LR (Likelihood Ratio or Hypothesis)—A ratio of the probabilities of two hypotheses that offer different explanations for the existence of the DNA profile evidence (e.g. possible contributors to the mixture sample).
Marker Inclusion Frequency—CPI/CPE Statistics that reflect the probability that a random person would be included as a possible contributor to the observed DNA mixture at a given marker.
Minimum Allele Frequency—A value that may be used in the statistical analysis of DNA profiles representing either alleles not present in the population database or alleles that have an observed allele frequency below a calculated or expected allele frequency.
Calculated using the following formula:
Minimum allele frequency=5/2n where n=number of samples for each marker in the ethnic population.
Missing Markers—Markers that are present in the mixture sample, but may not be represented in the known genotype profile.
MIT (Mixture Interpretation Threshold)—A configurable or preset setting reflected in the mixture analysis method that may be used as the minimum peak height threshold used for mixture analysis.
Mixture—A sample containing DNA from two or more contributors.

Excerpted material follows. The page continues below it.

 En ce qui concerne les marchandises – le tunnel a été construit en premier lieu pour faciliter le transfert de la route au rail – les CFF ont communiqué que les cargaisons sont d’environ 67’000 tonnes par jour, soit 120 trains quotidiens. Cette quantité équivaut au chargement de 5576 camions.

Mixture Analysis—A method or process of identifying the number of contributors to a mixture sample. In certain instances this number may reflect the minimum number of possible contributors to the mixture sample. In various embodiments, data analyzed by the mixture analysis routines is generated using one or more selected probe panels such as those provided by a AmpFISTR® kit panel (available from Life Technologies Inc.) from which is extracted potential genotypes of the contributors (e.g. 2-person mixtures) for statistical analysis. AmpFISTR® kit panels may contain components for the co-amplification of the gender markers such as Amelogenin, and fifteen short tandem repeat loci: CSF1PO, D2S1338, D3S1358, D5S818, D7S820, D8S1179, D13S317, D16S539, D18S51, D19S433, D21S11, FGA, TH01, TPOX, and vWA. Detection of these markers may be performed using Polymerase Chain Reaction (PCR) processes for DNA amplification while detection of PCR product may be accomplished on ABI PRISM® and Applied Biosystems genetic analyzer instruments following protocols established for AmpFISTR® PCR Amplification Kits. Genotypes can be assigned to samples by comparison of the sample alleles to the known alleles contained in the allelic ladder for the particular AmpFISTR® kit used. It will be appreciated that the system and methods described herein are not limited for use with any particular marker set/protocol and thus may be adapted for use with other probes and detection techniques.

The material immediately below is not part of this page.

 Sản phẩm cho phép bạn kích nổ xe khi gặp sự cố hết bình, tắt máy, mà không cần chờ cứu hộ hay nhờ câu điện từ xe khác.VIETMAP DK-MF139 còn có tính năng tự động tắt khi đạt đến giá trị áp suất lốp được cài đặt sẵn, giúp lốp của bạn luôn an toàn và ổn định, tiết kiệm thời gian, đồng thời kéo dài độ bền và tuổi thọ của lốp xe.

Mixture Analysis Method—A collection of settings, parameters, or configurations that determine the sample segregation and extraction thresholds used by the Mixture Analysis method to analyze potential mixture samples. Data utilized by the mixture analysis methods may be provided or transferred from another software application, package, or module such as a GeneMapper® ID-X Software project.
Mixture Analysis Parameters—The heterozygote Peak Height Ratio (PHR) settings and Mixture Interpretation Threshold (MIT) as defined in the mixture analysis method, and used to perform sample segregation and extraction on selected mixture samples during Mixture Analysis.

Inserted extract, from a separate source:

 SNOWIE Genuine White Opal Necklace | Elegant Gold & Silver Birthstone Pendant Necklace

Mixture Analysis Project—The mixture analysis results for a group of samples transferred into a Mixture Analysis tool, module, or application from another tool, module, or application such as from a GeneMapper® ID-X Software project.
Mixture Analysis Tool—In various embodiments, the Mixture Analysis Tool may be integrated into another software tool or application such as GeneMapper® ID-X Software which may also contain functionality to assist in the analysis, interpretation and statistical analysis of DNA mixtures.
Mx (Mixture Proportion)—A measure of the relative proportion of the minor contributor in a 2-person mixture sample.
PHR Status—An assessment of whether peak heights for a selected genotype combination fall above or below a Peak Height Ratio (PHR) threshold. PHR thresholds may be user-defined or predetermined in a given mixture analysis method.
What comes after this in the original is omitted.